Representative empirical results:

Method	Alignment Reward ↑	Human/VLM Score ↑	Diversity ↑	Runtime (min/video)
Best-of- $N$	Saturates KB~16	Plateaus	Lower	Fastest
Greedy Search	Suboptimal basins	Lower	Lower	Moderate
DLBS	Monotonic with KB	Increases	Higher	90 (T=50, KB=32)
DLBS-LA (L=6, KB=8)	Matches/Exceeds	High	Highest	30

On image sequences, BeamDiffusion decisively improves semantic and visual coherence over nucleus sampling and retrieval-based pipelines, confirmed by both human and GPT-4o/Gemini evaluations (Fernandes et al., 26 Mar 2025). DSearch and DSearch-R achieve state-of-the-art non-differentiable reward maximization in molecular, biological, and image domains (Li et al., 3 Mar 2025). ABCD achieves optimal task metrics with reduced inference cost and adaptive early stopping (Lee et al., 20 May 2025).

6. Trade-offs, Scalability, and Implementation Guidelines

Trade-offs in diffusion beam search center around the allocation of the compute budget among beam width (B), candidates per beam (K), number of lookahead steps (L), and total denoising steps (T):

Increasing $B$ widens hypothesis diversity but multiplies decoding and reward evaluations.
Increasing $K$ explores a larger action space per beam, improving exploration.
Larger $L$ (lookahead) yields more accurate intermediate value estimates, often more effective than increasing $B \cdot K$ under fixed compute.
Larger $T$ grants higher-fidelity denoising, at a linear cost in computation.

Heuristics established in the literature recommend prioritizing lookahead ( $L$ ) for reward estimation accuracy before expanding search budget, and adopting moderate to high $T$ for fidelity (Oshima et al., 31 Jan 2025, Li et al., 3 Mar 2025). Beam search parameters should be optimized for per-domain computational constraints, with ABCD offering instance-specific adaptive scaling (Lee et al., 20 May 2025).

Batch parallelism, memory management (balancing $B$ , $K$ ), and hardware-efficient reward computation are critical for large-scale or high-dimensional outputs (e.g., video, molecular graphs).

7. Applications and Limitations

Diffusion Beam Search has been applied to:

Text-to-video and text-to-image generation with enhanced perceptual alignment and temporal coherence (Oshima et al., 31 Jan 2025, Fernandes et al., 26 Mar 2025).
Optimizing for difficult or non-differentiable reward objectives in molecular, biological sequence, and image design (Li et al., 3 Mar 2025).
Planning and reasoning problems (e.g., maze navigation, Sudoku) and data-driven design under complex constraints (Lee et al., 20 May 2025).

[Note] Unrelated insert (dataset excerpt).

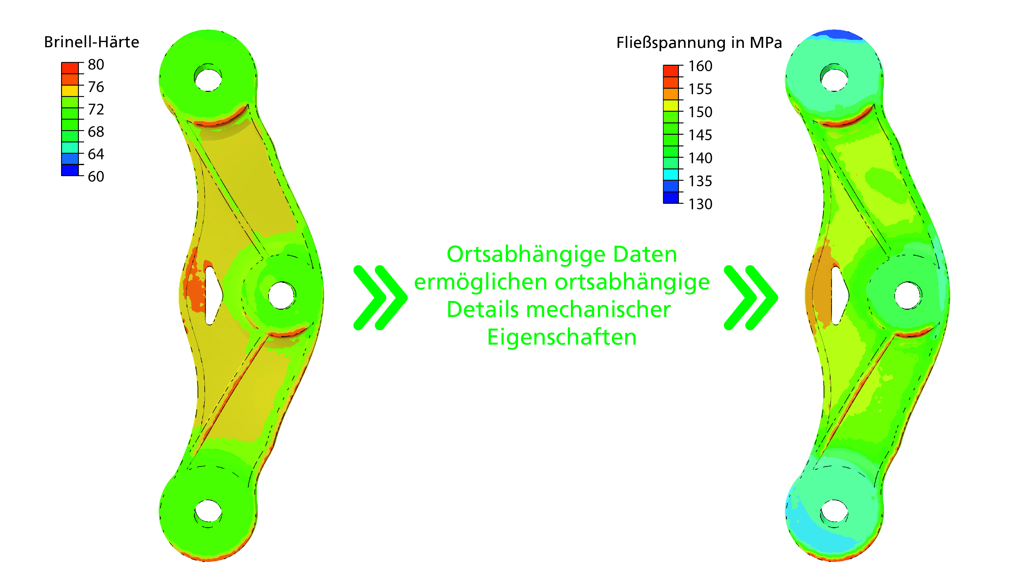 Den Nachweis, dass diese strukturierte und übergreifend verknüpfte Wissensbasis echten Mehrwert bringt, erbrachten Schweizer und Co durch die Integration von experimentellen Daten und Simulationen. Für ein Gussteil erzeugten sie so einen digitalen Zwilling, der den Zusammenhang der örtlich unterschiedlichen Erstarrung beim Gießen und der örtlich variierenden Härte ausnutzt, um ein Simulationsmodell mit heterogen verteilten mechanischen Eigenschaften aufzubauen. Über Erkenntnisse aus dem Datenraum kann das Simulationsmodell zusätzlich mit präzise gewählten Werkstoffparametern gefüttert werden, die die gussteilspezifische chemische Zusammensetzung und Wärmebehandlung berücksichtigen.

Limitations include higher per-step computational costs (especially with large $K$ , $B$ , or lookahead $L$ ), and scalability challenges for extremely high-dimensional data if reward evaluation or decoding is expensive. ABCD/bi-directional search enables more flexible tradeoffs but may require greater engineering investment for unstructured tasks.